The Board of Directors of 888 (the Board) has established four committees: an audit committee, a nominations committee, a remuneration committee and a regulatory and compliance committee. From time to time, separate committees may be set up by the Board to consider particular issues when the need arises.

Audit Committee

The Audit Committee assists the Board in discharging its responsibilities with regard to financial reporting, external and internal audits and controls, including reviewing 888's annual financial statements, considering the scope of annual audit and the extent of non-audit work undertaken by external Auditors, approving 888's internal audit programme, advising on the appointment of external Auditors and reviewing the effectiveness of internal control systems.

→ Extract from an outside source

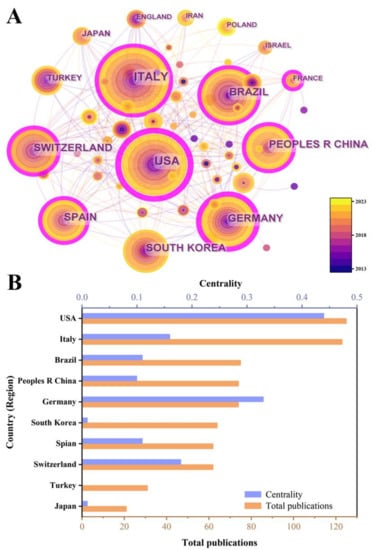 To identify the countries and regions with a significant number of publications and influential contributions of bone xenografts, we conducted a country (regional) cooperation analysis of the relevant literature. The national cooperation network diagram indicates a total of 63 nodes, 245 connections, and a network density of 0.1254 (Figure 4). Figure 5 presents the publication volume and centrality of the top 10 countries in terms of publication output. The United States is the most productive and influential country of international cooperation on bone xenograft, with 125 papers and a centrality of 0.44. Following the United States, the top five countries include Italy (123 papers, 0.16 centrality), Brazil (75 papers, 0.11 centrality), China (74 papers, 0.10 centrality), Germany (74 papers, 0.33 centrality), and South Korea (64 papers, 0.01 centrality). Moreover, countries with significant centrality (>0.1) include the United States, Germany, Switzerland (63 papers, 0.18 centrality), Italy, Brazil, Spain (62 papers, 0.11 centrality), France (15 papers, 0.11 centrality), and China. Notably, two highly cited papers published by France are “High-Temperature Sintering of Xenogeneic Bone Substitutes Leads to Increased Multinucleated Giant Cell Formation: In Vivo and Preliminary Clinical Results” [] and “MicroRNA 210 Mediates VEGF Upregulation in Human Periodontal Ligament Stem Cells Cultured on 3DHydroxyapatite Ceramic Scaffold” [].
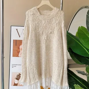 TEMU Sweter Y2K dla Kobiet - Luźny Krój z Długim Rękawem, Okrągły Dekolt i Prześwitujące Detale Koronkowe, Kolorowy, Tylko Pranie Ręczne, Casualowa

The Combined Code recommends that all members of the Audit Committee should be Non-executive Directors, all of whom are independent in character and judgement and free from relationships or circumstances which are likely to affect, or could appear to affect, their judgement and that at least one member should have recent and relevant financial experience. The Audit Committee comprises three Independent Non-executive Directors: Brian Mattingley (Chair), Michael Constantine and Amos Pickel. The Board is satisfied that Brian Mattingley has sufficient recent and relevant financial experience to chair the Audit Committee. Normally, by invitation, the Chief Financial Officer and Internal Auditor attend Committee meetings, as can representatives of the external Auditors.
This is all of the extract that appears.